Antimicrobial activity of dmphen, nphen, complexes 1 and 2 against different bacterial species. a 100 μg/mL. b 200 μg/mL

Conclusions

Two novel mono- and dimeric copper(II) complexes have been synthesized and characterized by CHN analysis, FTIR, EPR spectroscopy, and cyclic voltammetry in this work. The crystal structures of complexes 1 and 2 were determined by single-crystal X-ray diffraction. DNA/BSA binding, DNA cleavage, cytotoxic properties, and antimicrobial activities have been investigated. The reactivity towards CT-DNA and BSA reveal that complexes 1 and 2 interact with CT-DNA by a moderate intercalation and complexes 1 and 2 bind to BSA and are thus responsible for the quenching of tryptophan fluorescence via a static quenching mechanism. The capability of cleavage of pUC19 DNA by complexes 1 and 2 indicates that at the same concentration, the promotion of efficient DNA cleavage by complex 1 without adding any external agents was attributed to a possible synergic effect between dimeric Cu(II) ions. In addition, complexes 1 and 2 exhibited prominent DNA cleavage in the presence of H2O2. The cytotoxicity of complexes 1 and 2 against different cancer cell lines (A549, Caco-2, and MCF-7) and healthy cell line (BEAS-2B) was investigated. Complexes 1 and 2 exhibit high cytotoxicity with low IC50 values and show selective cytotoxicity. In addition, complexes 1 and 2 have greater cytotoxicity activity against Caco-2 cell lines than do both other cell lines and cisplatin.

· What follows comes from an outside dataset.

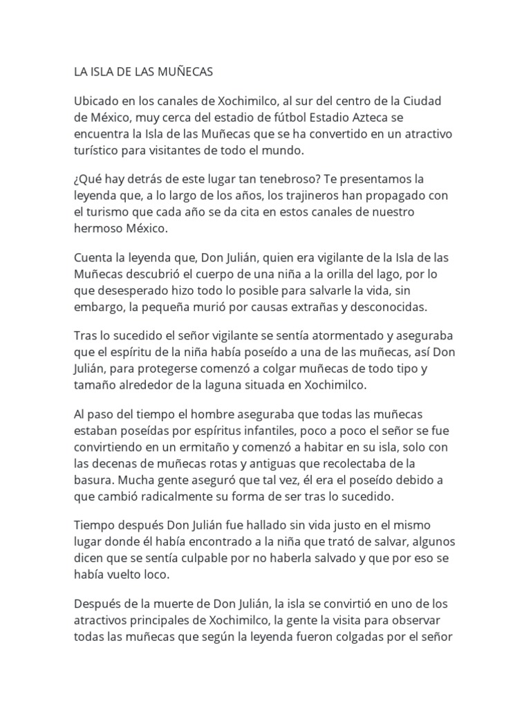 siglo XVI. Y que hasta la fecha, al ser contado sigue causando miedo entre las

The antibacterial activity of complexes 1 and 2 were found to have good effect against Escherichia coli (ATCC 35218), Escherichia coli (ATCC 25922), Enterococcus faecalis (ATCC 29212), Salmonella typhimurium (ATCC 14028), Staphylococcus aureus (ATCC 25923), Yersinia enterocolitica (ATCC 9610), and Klebsiellapneumoniae (ATCC 700603). The dimeric complex (1) was observed to be comparatively more effective than that of mononuclear complex (2), which may be due to the presence of additional copper atoms in the complexes. These initial studies are promising and may shed some light on designing new potential anticancer and antimicrobial agents in the future.